** Data records **

☆ ☆ ☆ ☆ ☆

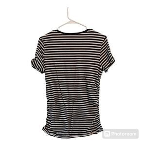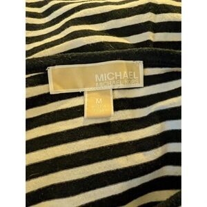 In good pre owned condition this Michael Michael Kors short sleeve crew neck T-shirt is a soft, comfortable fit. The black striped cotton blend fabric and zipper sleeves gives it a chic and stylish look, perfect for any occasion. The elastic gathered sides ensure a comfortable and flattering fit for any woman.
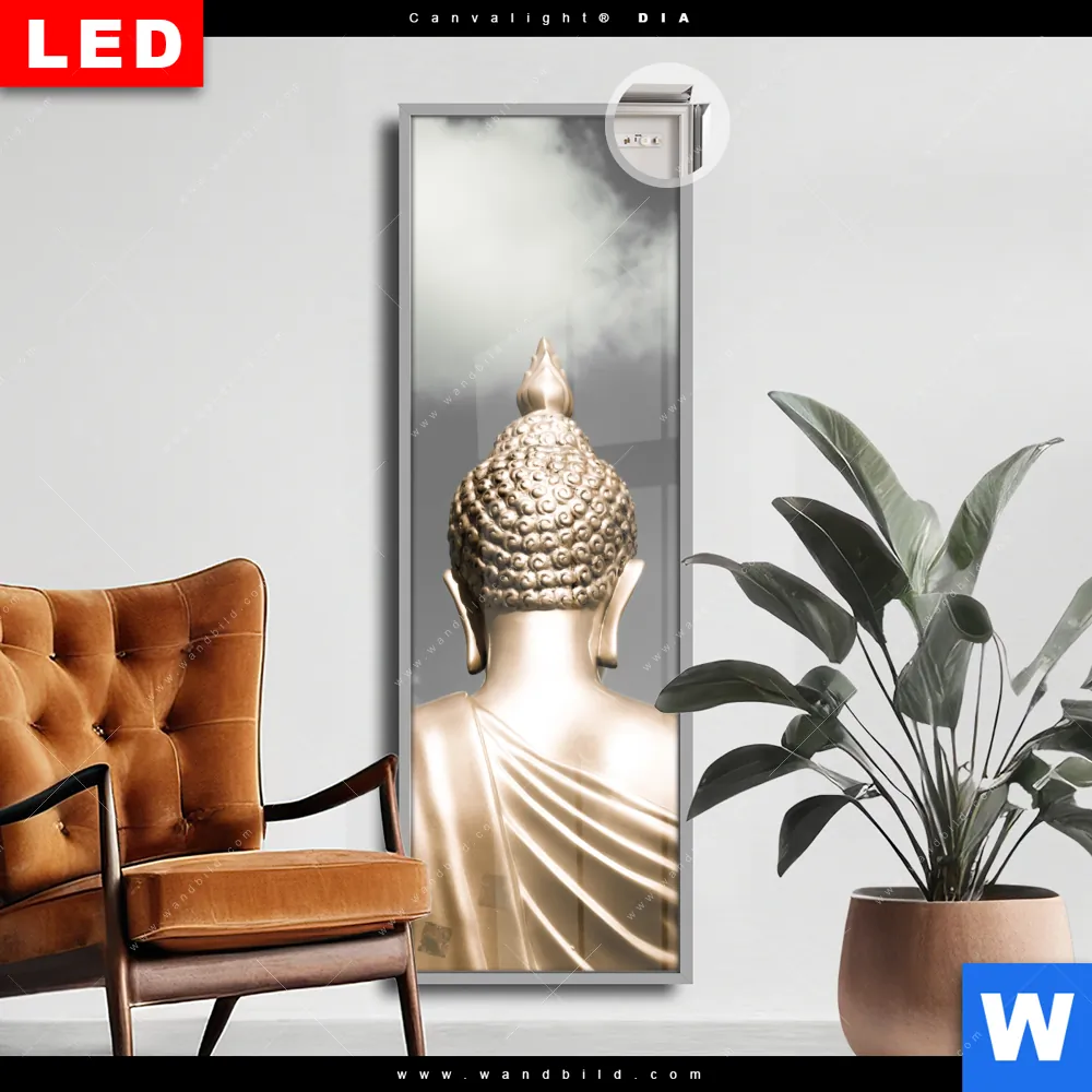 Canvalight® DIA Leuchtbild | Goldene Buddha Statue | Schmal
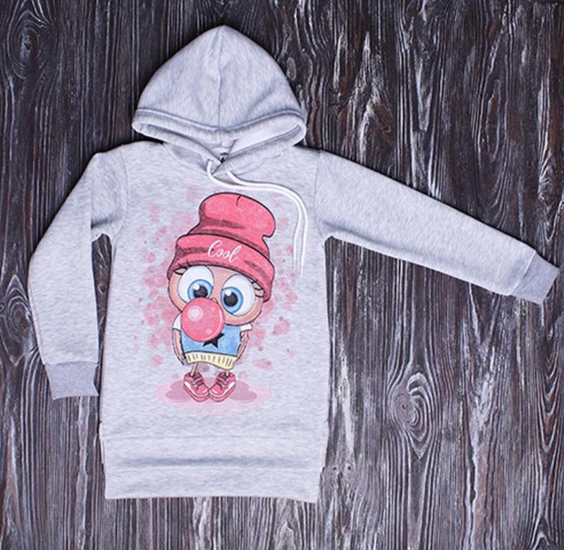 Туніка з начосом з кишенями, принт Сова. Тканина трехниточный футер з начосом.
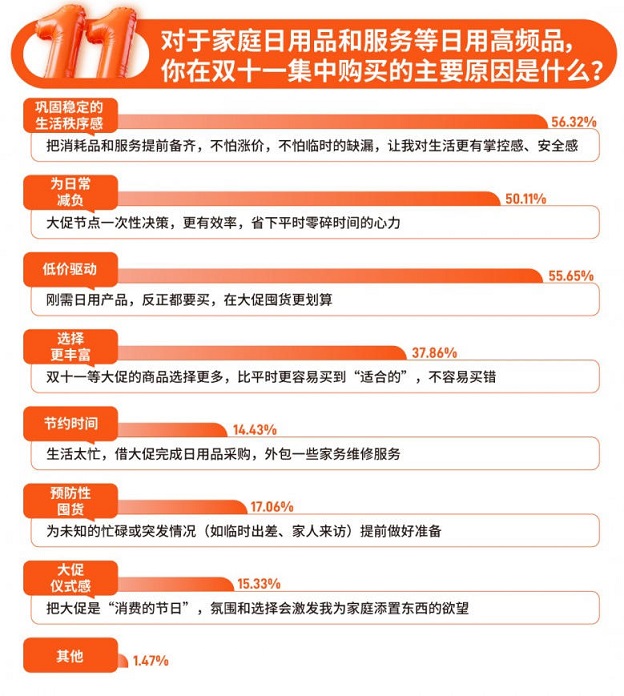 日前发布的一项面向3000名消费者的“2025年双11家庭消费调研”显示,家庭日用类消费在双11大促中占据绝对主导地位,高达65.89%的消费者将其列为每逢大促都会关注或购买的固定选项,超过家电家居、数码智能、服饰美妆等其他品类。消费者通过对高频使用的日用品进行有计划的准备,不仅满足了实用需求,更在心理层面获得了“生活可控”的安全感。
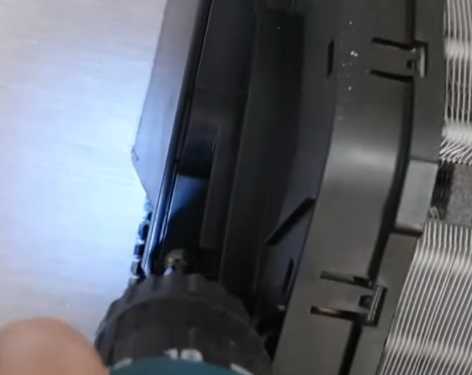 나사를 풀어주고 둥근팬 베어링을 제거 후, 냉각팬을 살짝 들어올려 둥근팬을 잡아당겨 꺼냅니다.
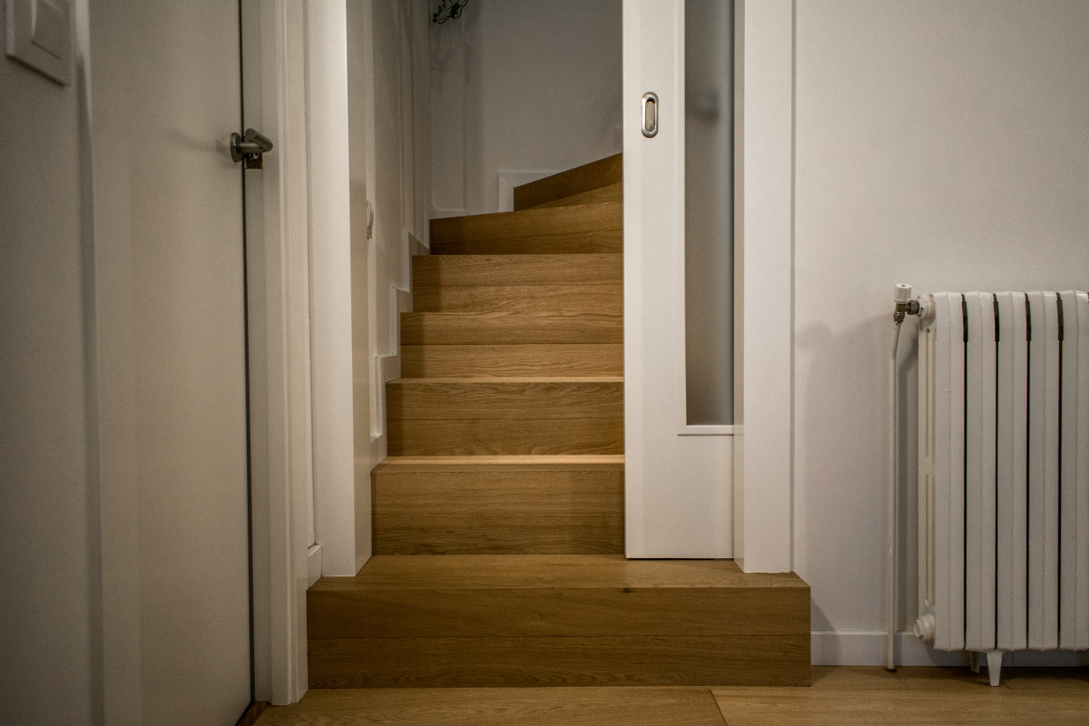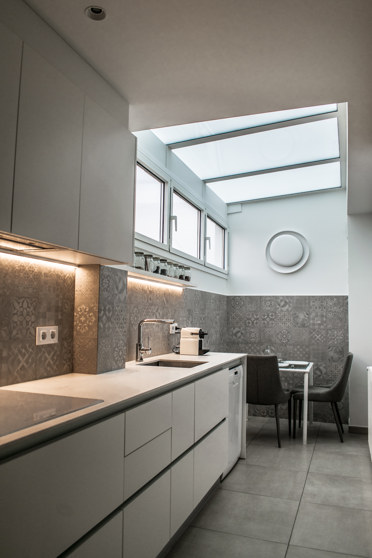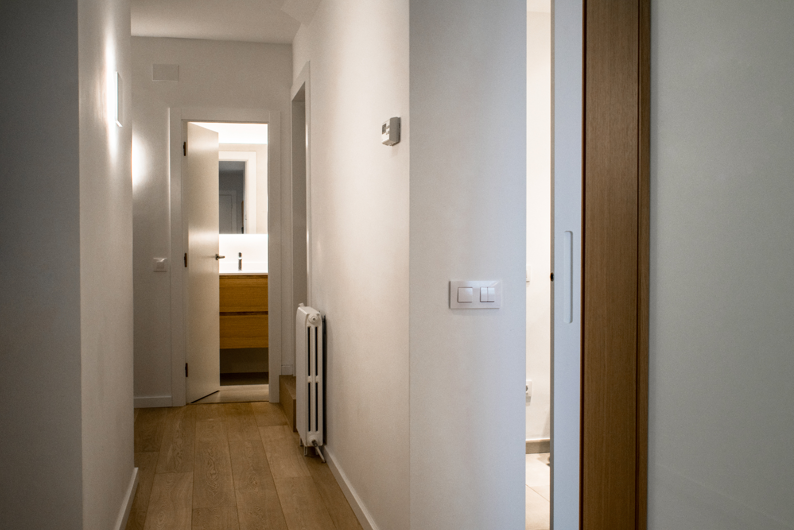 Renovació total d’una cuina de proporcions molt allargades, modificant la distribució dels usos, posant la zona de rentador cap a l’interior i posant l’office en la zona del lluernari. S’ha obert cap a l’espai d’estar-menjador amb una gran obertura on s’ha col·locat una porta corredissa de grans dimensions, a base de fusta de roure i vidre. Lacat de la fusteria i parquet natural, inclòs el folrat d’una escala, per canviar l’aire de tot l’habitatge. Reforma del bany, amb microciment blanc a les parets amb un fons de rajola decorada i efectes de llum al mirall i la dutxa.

☆ ☆ ☆ ☆ ☆

Look above for the line containing "Canvalight® DIA Leuchtbild", then write out every line from there down to the line containing "나사를 풀어주고 둥근팬", that line included, with no pictures.

 Canvalight® DIA Leuchtbild | Goldene Buddha Statue | Schmal
 Туніка з начосом з кишенями, принт Сова. Тканина трехниточный футер з начосом.
 日前发布的一项面向3000名消费者的“2025年双11家庭消费调研”显示,家庭日用类消费在双11大促中占据绝对主导地位,高达65.89%的消费者将其列为每逢大促都会关注或购买的固定选项,超过家电家居、数码智能、服饰美妆等其他品类。消费者通过对高频使用的日用品进行有计划的准备,不仅满足了实用需求,更在心理层面获得了“生活可控”的安全感。
 나사를 풀어주고 둥근팬 베어링을 제거 후, 냉각팬을 살짝 들어올려 둥근팬을 잡아당겨 꺼냅니다.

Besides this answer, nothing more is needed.